Albert Nock's Memoirs of a Superfluous Man made a virtue out of doing useless work, and I was always very impressed with it. I personally wish I had more worthless things to do. Instead I have a job where I build software that people use in hospitals. It is useful, in a sense, but I still find it somewhat dull. My time is rarely my own; I come to work on a schedule; put in my time in front of a computer monitor; wait for performance reviews at the end of the year. The one bright point is that the work is a bit like coming in each day and solving various puzzles -- thus ressembling a useless and self-indulgent task, and making me happy.

I'm not sure there are really many jobs out there that really "count". I've never particularly understood the sexual revolution and the desire of women to go out into the world and do "real" things. Why would anyone want to do what I do for a living? Though equality, of course, is a good thing -- I just don't understand that particular justification involving "real" work.

The two elements that may make a certain job seem real, and that make academia seem quite the opposite, are public recognition and money. Think of all those French philosophers who made their reputations and then came to do a few semesters at schools like UC Irvine for the money. I wonder if they felt somehow that they didn't count until they were finally able to cash in.

Or maybe they came for the Southern California weather. It is rather pleasant.

The only other kind of job that I know of which I consider "real" is being a Pennsylvania coal miner. Apparently there is a shortage of them now, and they are taking applications. But that seems like just too too much reality for me.

Mrs. Lily-Plum Roth said...

Ah, but my dearest Conrad, at least you will be glittering.

Anonymous said...

I fear my talents would only be wasted at civil engineering, etc.

Haha.
I suppose it's the (major*) type of humour some call “British”...

And I'm left wondering whether this piece is also part of the joke: “wet poems and fishy analysis”...
 
 
* further up I should probably have put major in italic, since it was also an allusion to what is called a “major de promo”, the student ranked number one in a given “promotion” (i.e. all those who are in the same academic year in a so-called Grande École).

Erik said...

Nice to hear about two products from the Netherlands: a book by Lipsius and the fable "Vanden Vos Reynaerde" allegedly stemming from Flemish soil.
Less nice to hear that this fox has nothing to do with the world around us. His morals are applied everywhere. Maybe it was more the mood you were in, the conditions around your reading activity (not a quiet armchair), that gave you after reading a kind of shock, like awakening from a dream.
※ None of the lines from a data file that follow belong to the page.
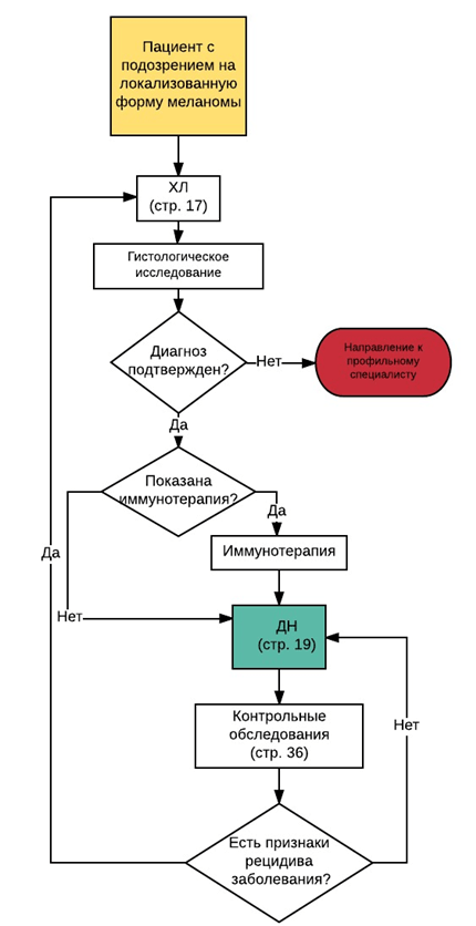 Резектабельная меланома кожи и/или резектабельные метастазы меланомы кожи. Меланома кожи или ее метастазы (как правило, метастазы в регионарные лимфатические узлы), которые могут быть подвергнуты радикальному хирургическому удалению R0. На оценку резектабельности могут влиять такие факторы, как объем (количество и размеры) метастатического поражения лимфатических узлов, соотношение с магистральными сосудами, наличие сателлитов и транзитных метастазов, лимфангоита Оценка резектабельности процесса весьма субъективна и может варьировать от учреждения к учреждению и от хирурга к хирургу.
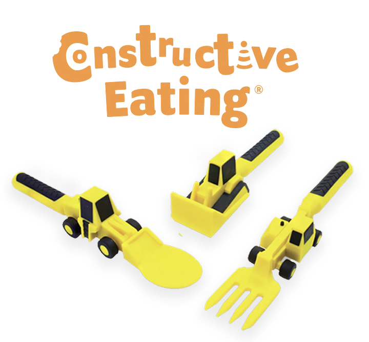 Constructive Eating's bulldozer pusher, forklift fork, and front loader spoon are designed with function and play value in mind. Textured, easy-grip handles and detailing allow little hands to hold on tight. Even the youngest child will animate these construction machines with their true-to-life color, scale, and shape.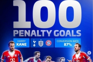 德转数据统计显示,凯恩也就此达成了俱乐部+国家队生涯点球100球里程碑,命中率为87%。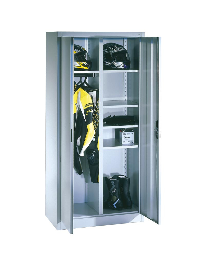 Flügeltürenschrank, BxTxH 930x400x1950 mm, links 1 Hutboden + 1 Kleiderstange, rechts 4 halbe Böden, RAL 7035 lichtgrau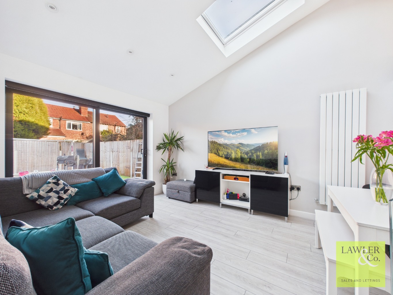 The gorgeous front lounge sets the tone beautifully, featuring a striking fireplace as its focal point and pleasant views to the front, offering the perfect space to relax. However, the real show-stopper is the spectacular open-plan, split-level kitchen, dining and living area—undeniably the heart of the home and guaranteed to impress. You are welcomed into a sleek, modern kitchen fitted with stylish eye and base units, integrated fridge/freezer, dishwasher, oven, induction hob and extractor fan, all finished to an exceptional standard and complemented by a contemporary breakfast bar and access to the cellar. Steps lead down into the extended split-level lounge/diner, where Velux windows and expansive bi-folding doors flood the space with natural light, seamlessly connecting the indoors with the rear garden and providing an abundance of space for entertaining, dining and everyday living.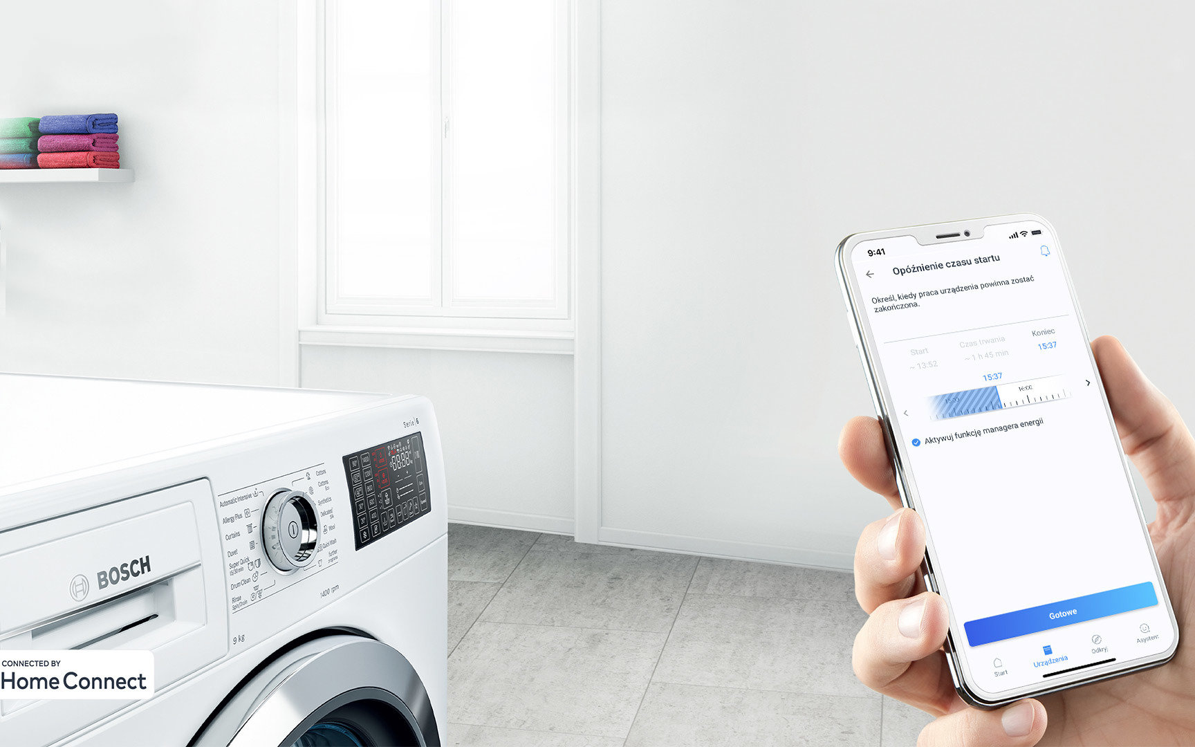 oraz monitorować wszystkie inne procesy. Dzięki aplikacji Home Connect można zapytać Alexę lub Asystenta Google, jak długo potrwa bieżący cykl prania.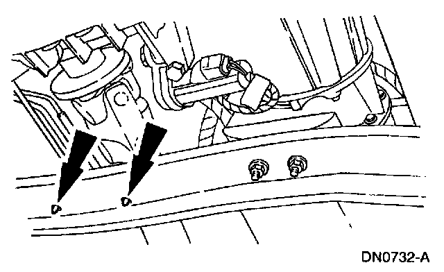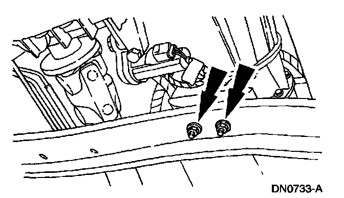 8. Remove the transmission support crossmember nuts and bolts (LH side).

Maybe you could also have told the man in the lift about Lipsius. You noticed despondency, but wasn’t it rather a feeling of shame that he didn’t recognise him as the famous Lipsius? I don’t see how Livius or Vergil have more to do with our world. No, people like Walt Disney, they are the real disguisers of reality. And don’t forget all those videogames and online games that distract our children from what they are ought to do to keep in touch with the world.

Conrad H. Roth said...

I'm delighted at the chord this seems to have struck with people. Thanks for all the comments; needless to say, much in agreement.

Erik, you are quite right that Renardian morals are everywhere in evidence; still, the book's very history seemed (and still seems) quite otherworldly.